Task brief | Look through the records below for the line holding "步骤 1-4:打开设置 > 其他设置 > 辅助功能 > 下载的应用程序 > 查看列表。". Write it out exactly, with each following line through the line holding "The IP Access".

Input data |

((

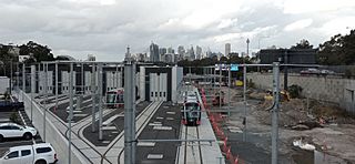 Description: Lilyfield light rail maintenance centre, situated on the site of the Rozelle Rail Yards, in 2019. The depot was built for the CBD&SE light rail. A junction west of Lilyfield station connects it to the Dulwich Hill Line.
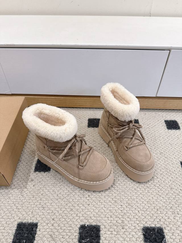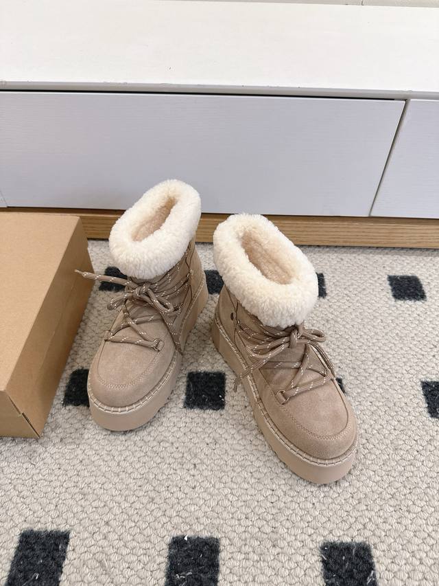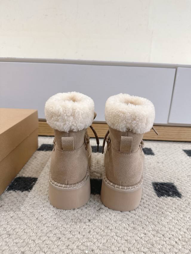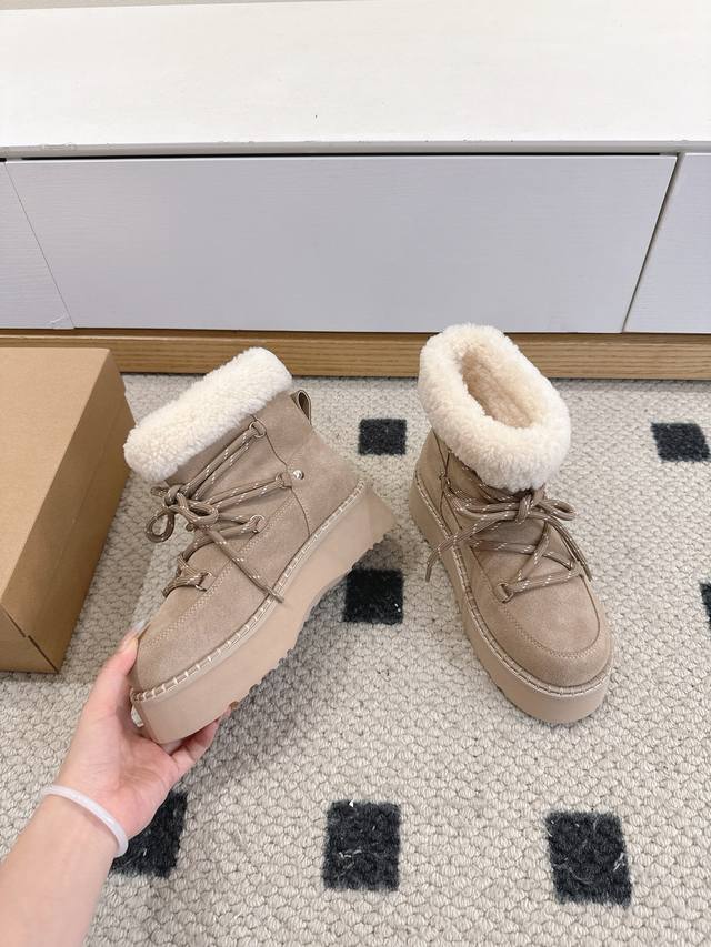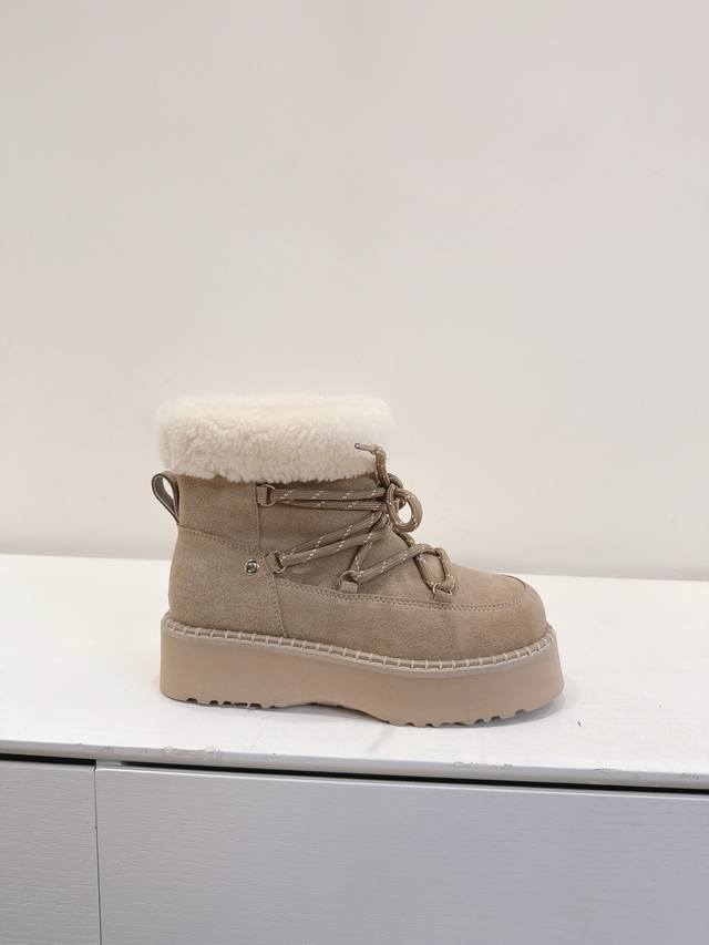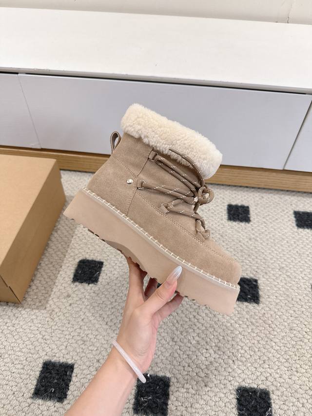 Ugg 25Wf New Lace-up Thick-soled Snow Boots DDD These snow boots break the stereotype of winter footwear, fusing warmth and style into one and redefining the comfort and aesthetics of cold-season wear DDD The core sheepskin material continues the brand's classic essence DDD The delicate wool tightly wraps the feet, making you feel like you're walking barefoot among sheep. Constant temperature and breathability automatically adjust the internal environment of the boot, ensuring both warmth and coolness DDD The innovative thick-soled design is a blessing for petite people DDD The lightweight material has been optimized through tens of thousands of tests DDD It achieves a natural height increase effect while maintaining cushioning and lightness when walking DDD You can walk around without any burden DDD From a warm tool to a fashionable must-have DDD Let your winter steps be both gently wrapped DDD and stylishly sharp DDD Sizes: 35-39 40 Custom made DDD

))
((

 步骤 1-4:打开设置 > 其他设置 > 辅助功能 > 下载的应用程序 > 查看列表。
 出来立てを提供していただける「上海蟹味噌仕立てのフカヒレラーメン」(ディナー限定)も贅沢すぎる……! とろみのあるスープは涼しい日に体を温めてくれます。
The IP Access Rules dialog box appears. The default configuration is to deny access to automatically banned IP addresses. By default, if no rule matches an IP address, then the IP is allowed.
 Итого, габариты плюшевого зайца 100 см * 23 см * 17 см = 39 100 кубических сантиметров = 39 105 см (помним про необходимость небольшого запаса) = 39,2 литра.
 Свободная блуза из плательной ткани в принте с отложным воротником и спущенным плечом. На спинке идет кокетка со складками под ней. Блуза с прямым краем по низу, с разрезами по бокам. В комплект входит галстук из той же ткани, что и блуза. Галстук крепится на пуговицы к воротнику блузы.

))

Result of this task |
 步骤 1-4:打开设置 > 其他设置 > 辅助功能 > 下载的应用程序 > 查看列表。
 出来立てを提供していただける「上海蟹味噌仕立てのフカヒレラーメン」(ディナー限定)も贅沢すぎる……! とろみのあるスープは涼しい日に体を温めてくれます。
The IP Access Rules dialog box appears. The default configuration is to deny access to automatically banned IP addresses. By default, if no rule matches an IP address, then the IP is allowed.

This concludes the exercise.